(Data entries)
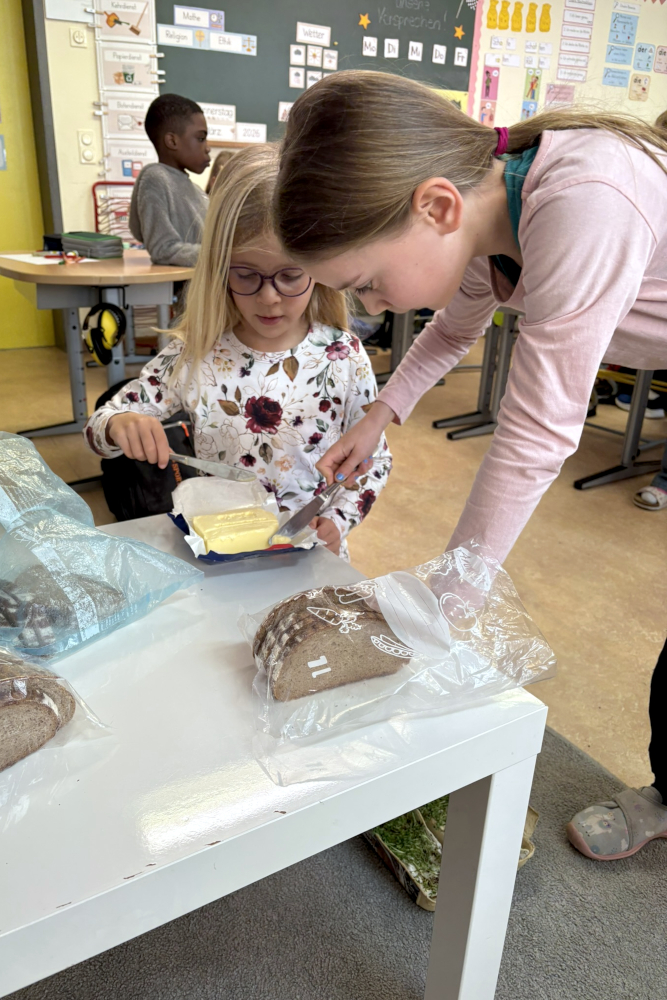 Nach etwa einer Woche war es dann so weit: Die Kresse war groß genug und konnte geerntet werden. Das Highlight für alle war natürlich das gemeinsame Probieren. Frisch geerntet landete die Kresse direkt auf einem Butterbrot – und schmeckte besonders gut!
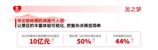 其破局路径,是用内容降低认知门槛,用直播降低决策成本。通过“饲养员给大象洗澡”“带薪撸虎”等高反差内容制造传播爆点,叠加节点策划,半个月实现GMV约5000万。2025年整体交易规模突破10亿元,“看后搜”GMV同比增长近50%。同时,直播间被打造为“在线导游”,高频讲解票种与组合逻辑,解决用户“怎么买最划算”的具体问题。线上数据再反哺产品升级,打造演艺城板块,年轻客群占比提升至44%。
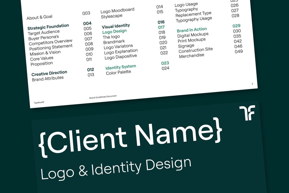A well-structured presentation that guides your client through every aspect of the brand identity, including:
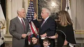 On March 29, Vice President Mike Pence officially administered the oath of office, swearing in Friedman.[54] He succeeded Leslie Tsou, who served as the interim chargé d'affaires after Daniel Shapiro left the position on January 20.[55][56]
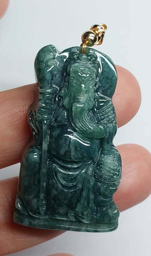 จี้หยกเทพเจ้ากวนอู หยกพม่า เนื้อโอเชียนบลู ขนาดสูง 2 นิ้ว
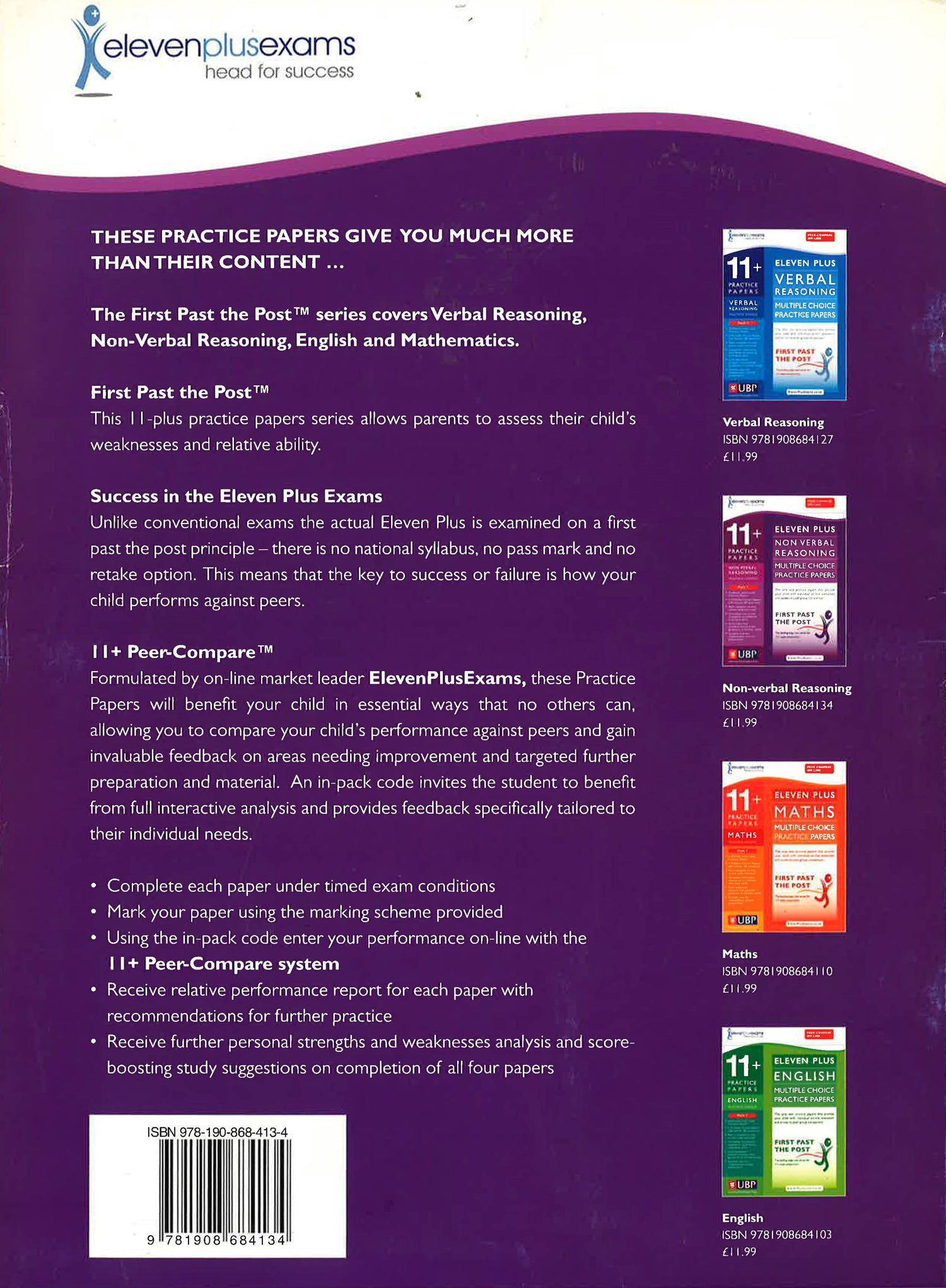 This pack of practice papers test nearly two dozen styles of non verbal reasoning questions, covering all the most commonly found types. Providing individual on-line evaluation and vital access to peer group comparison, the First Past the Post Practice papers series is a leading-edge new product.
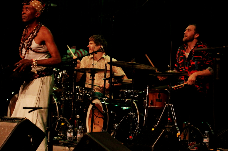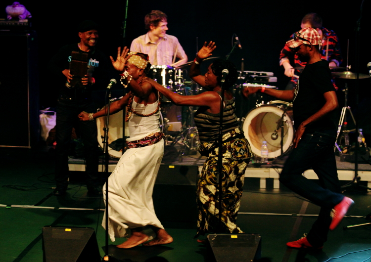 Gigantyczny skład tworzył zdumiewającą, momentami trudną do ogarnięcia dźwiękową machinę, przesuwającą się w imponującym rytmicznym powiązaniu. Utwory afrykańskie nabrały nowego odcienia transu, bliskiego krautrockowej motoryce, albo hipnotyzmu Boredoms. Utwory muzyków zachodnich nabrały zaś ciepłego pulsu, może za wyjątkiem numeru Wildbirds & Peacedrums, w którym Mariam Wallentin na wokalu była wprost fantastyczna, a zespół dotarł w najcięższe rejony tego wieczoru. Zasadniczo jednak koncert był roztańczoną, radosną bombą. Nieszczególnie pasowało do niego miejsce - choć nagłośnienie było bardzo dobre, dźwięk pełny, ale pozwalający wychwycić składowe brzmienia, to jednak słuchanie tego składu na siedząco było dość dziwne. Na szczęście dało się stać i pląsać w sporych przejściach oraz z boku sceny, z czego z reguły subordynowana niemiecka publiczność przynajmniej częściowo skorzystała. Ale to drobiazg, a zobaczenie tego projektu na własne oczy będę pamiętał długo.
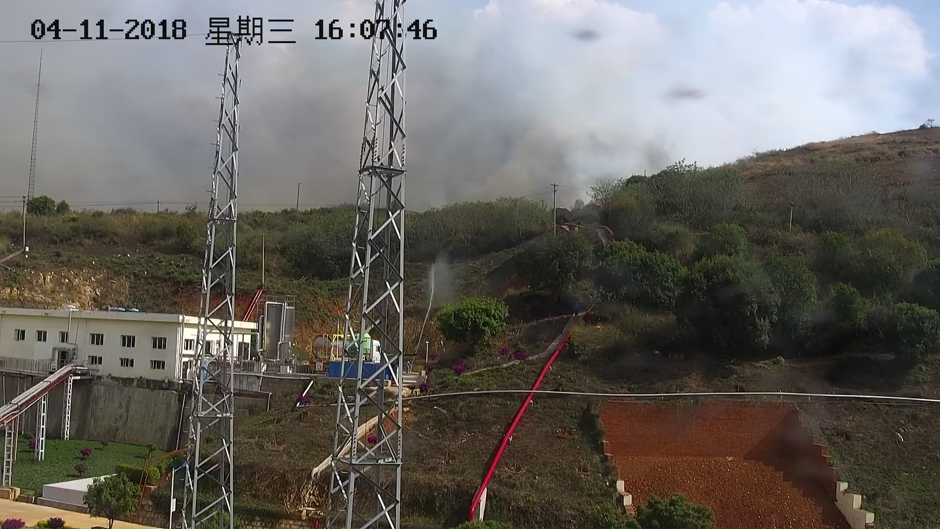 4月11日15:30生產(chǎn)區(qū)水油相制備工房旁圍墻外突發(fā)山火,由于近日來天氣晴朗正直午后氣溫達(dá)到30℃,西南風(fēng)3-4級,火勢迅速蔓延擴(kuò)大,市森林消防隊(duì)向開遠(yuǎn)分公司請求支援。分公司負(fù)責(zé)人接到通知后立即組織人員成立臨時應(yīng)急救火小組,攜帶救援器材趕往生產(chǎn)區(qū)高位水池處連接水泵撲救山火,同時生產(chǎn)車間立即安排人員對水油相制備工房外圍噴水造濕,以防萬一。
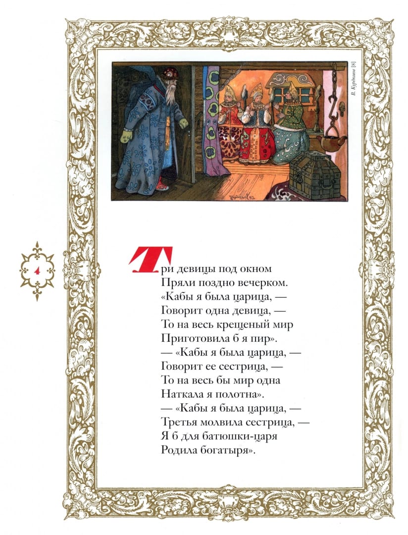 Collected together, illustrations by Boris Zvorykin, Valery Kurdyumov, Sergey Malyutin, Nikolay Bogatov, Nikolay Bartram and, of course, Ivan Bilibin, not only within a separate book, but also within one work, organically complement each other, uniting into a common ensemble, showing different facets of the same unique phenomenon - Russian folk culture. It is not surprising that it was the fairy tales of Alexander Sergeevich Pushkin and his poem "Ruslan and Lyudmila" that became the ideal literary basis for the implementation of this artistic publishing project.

> **Aim of the exercise**
Up to and including the line with "This pack of", copy the data above from its first line. Skip pictures.

> **Answer space**
 Nach etwa einer Woche war es dann so weit: Die Kresse war groß genug und konnte geerntet werden. Das Highlight für alle war natürlich das gemeinsame Probieren. Frisch geerntet landete die Kresse direkt auf einem Butterbrot – und schmeckte besonders gut!
 其破局路径,是用内容降低认知门槛,用直播降低决策成本。通过“饲养员给大象洗澡”“带薪撸虎”等高反差内容制造传播爆点,叠加节点策划,半个月实现GMV约5000万。2025年整体交易规模突破10亿元,“看后搜”GMV同比增长近50%。同时,直播间被打造为“在线导游”,高频讲解票种与组合逻辑,解决用户“怎么买最划算”的具体问题。线上数据再反哺产品升级,打造演艺城板块,年轻客群占比提升至44%。
A well-structured presentation that guides your client through every aspect of the brand identity, including:
 On March 29, Vice President Mike Pence officially administered the oath of office, swearing in Friedman.[54] He succeeded Leslie Tsou, who served as the interim chargé d'affaires after Daniel Shapiro left the position on January 20.[55][56]
 จี้หยกเทพเจ้ากวนอู หยกพม่า เนื้อโอเชียนบลู ขนาดสูง 2 นิ้ว
 This pack of practice papers test nearly two dozen styles of non verbal reasoning questions, covering all the most commonly found types. Providing individual on-line evaluation and vital access to peer group comparison, the First Past the Post Practice papers series is a leading-edge new product.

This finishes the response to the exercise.